Старушка Ивановна ужасно как надоела ей, — не дает ни минуты уединения, все пристает, чтоб она выпила хоть чашечку липового цвету.
— Да выкушайте, барышня, пропотеете немножко, и все пройдет. Уж я вижу, что у вас лихорадка, верно простудились как-нибудь; вчера ввечеру сыренько было, а вы, верно, в саду чай пили. Да выкушайте же, барышня! как рукой снимет; а то — избави бог — привяжется…
— Да отстань, Ивановна! Сказала, что не буду пить! Дай мне спокойно полежать, поди себе!

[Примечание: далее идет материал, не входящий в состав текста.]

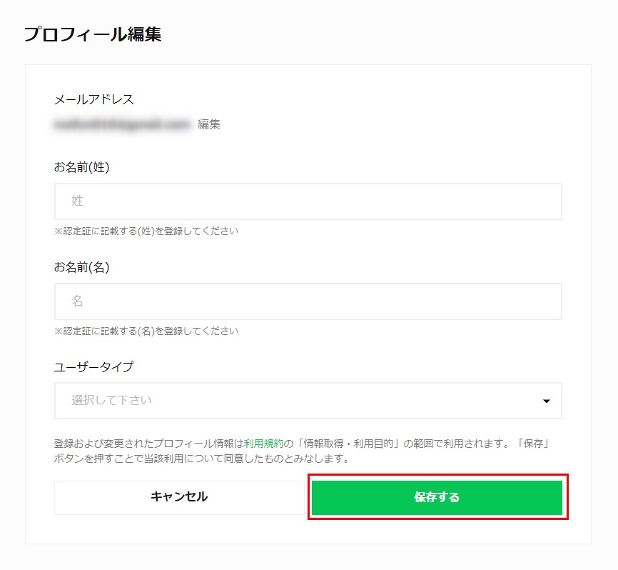 ・ユーザータイプ:「個人」または「法人」を選択します。「法人」を選択すると企業名の項目が表示されるのでそちらも入力しましょう。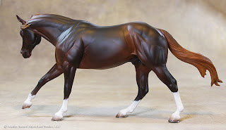 I am a huge fan of well-done customizing. To me, not only does the customizing have to be realistic, correct anatomically, and done with professional caliber, it has to "match the piece." It has to be changed, but remain the same if that makes any sense. How Jennifer managed to take a horse that was meant to be a British Heavy Show Cob and turn him into a cute little show pony and keep him ultimately the same horse I can't put into words, but she did just that.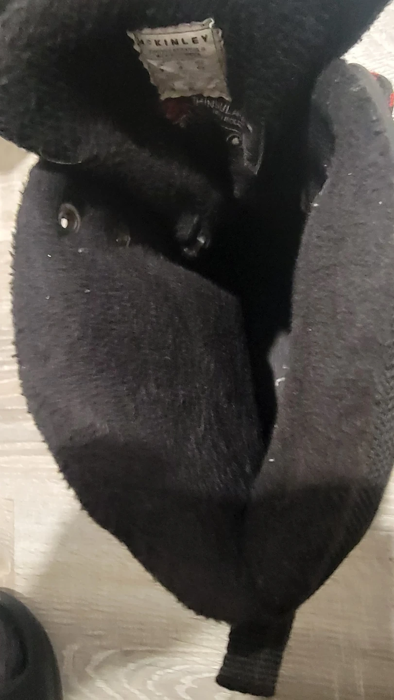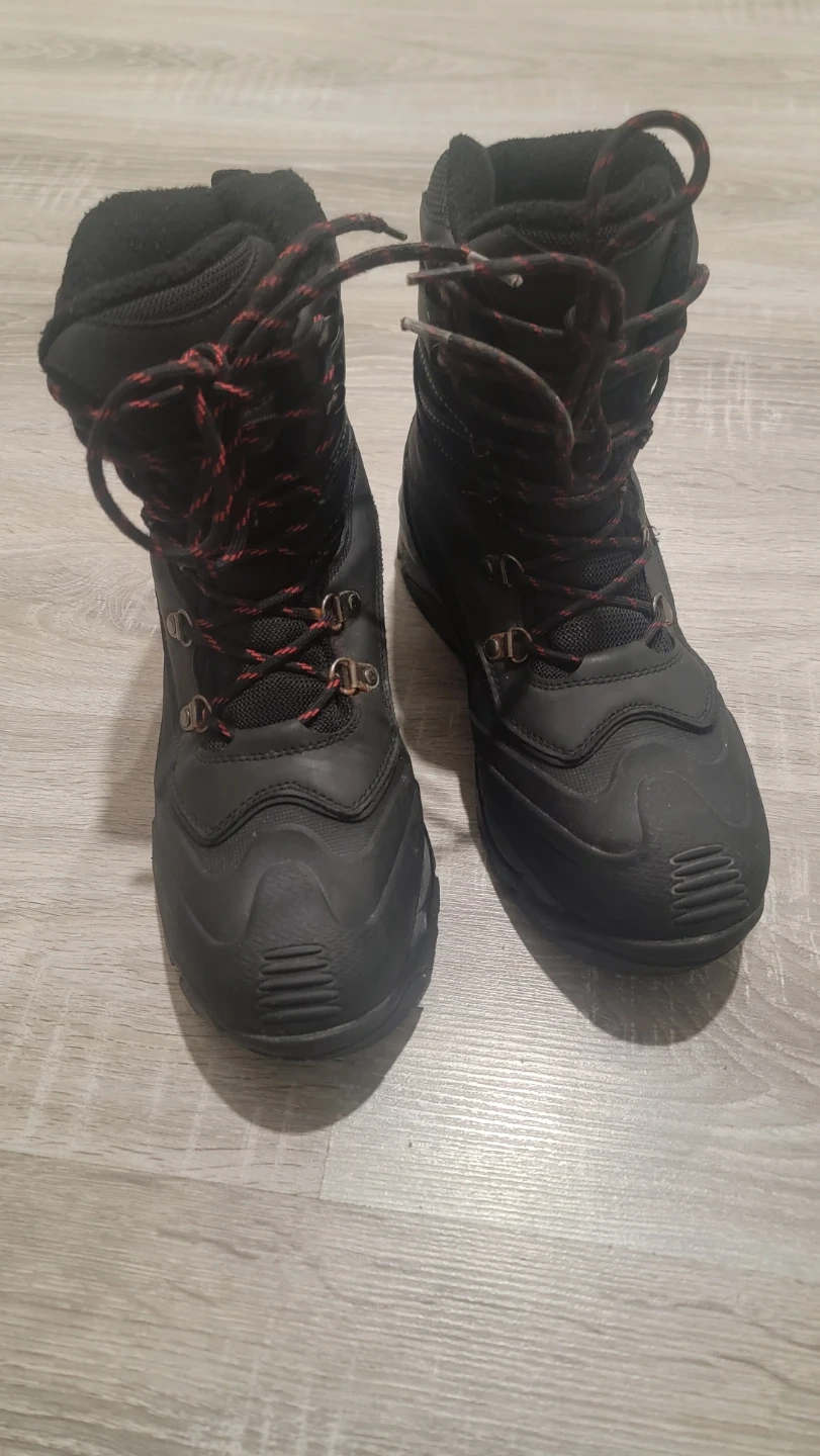 Selling a pair of McKinley Stratus II men's winter boots in size 9 (US). They're black and have red and black laces. The size is also listed as UK 8 and EUR 42. They're perfect for keeping your feet warm and dry this winter season!

— То-то и есть, что вы упрямы стали, а уж это худой знак! Чтоб отделаться от Ивановны, Юлия Павловна должна
была притвориться спящею; но она забылась только перед светом. Сон ее был страшен: ей снилось, что снова отец и мать лелеют ее юность, и она не отходит от зеркала, все любуется на красоту свою и наряд невесты. Вдруг является молодой человек, ее жених — это Георгий, она хочет подойти к нему, но отец, в образе мадам Воже, говорит вдруг: «Позвольте! что это значит? извольте садиться по углам!» Бедная Юлия садится в угол, со слезами украдкой смотрит на сидящего в другом углу Георгия и терзается всеми мучениями страшной разлуки. Но мать сжалилась над дочерью, и в то время, как отец отвернулся, берет руки Юлии и Георгия и соединяет их. «Позвольте, это что такое?» — восклицает отец. — «Молодые», — отвечает мать. «А, это дело другое», — говорит отец и предлагает Георгию понюхать табачку. Георгий отказывается, уверяет, что не нюхает; но Юлия Павловна шепчет ему: «Понюхай, друг мой, не отказывайся, а не то папенька рассердится и выживет тебя из дому!» Георгий нюхает. «Вот люблю, — говорит отец, — люблю покорность! Если есть нос, отчего ж не понюхать, особенно когда старшие предлагают». Между тем сбираются со всех сторон гости и поздравляют Юлию Павловну с счастливым вступлением в брак; начинаются танцы с котильона; молодые танцуют вместе и в то же время поминутно выбирают друг друга. Юлия Павловна счастлива, носится по воздуху. Георгий то и дело подходит ее ангажировать. После танцев наступает внезапно ночь. Юлия Павловна боится потерять Георгия, крепко держит его в объятиях и с нетерпением ждет рассвета. Вот рассветает, рас-свело; Юлия Павловна смотрит — на руках у нее не Георгий, но прелестная девушка, совершенное подобие Георгия, точно как Георгий, переодетый в женское платье.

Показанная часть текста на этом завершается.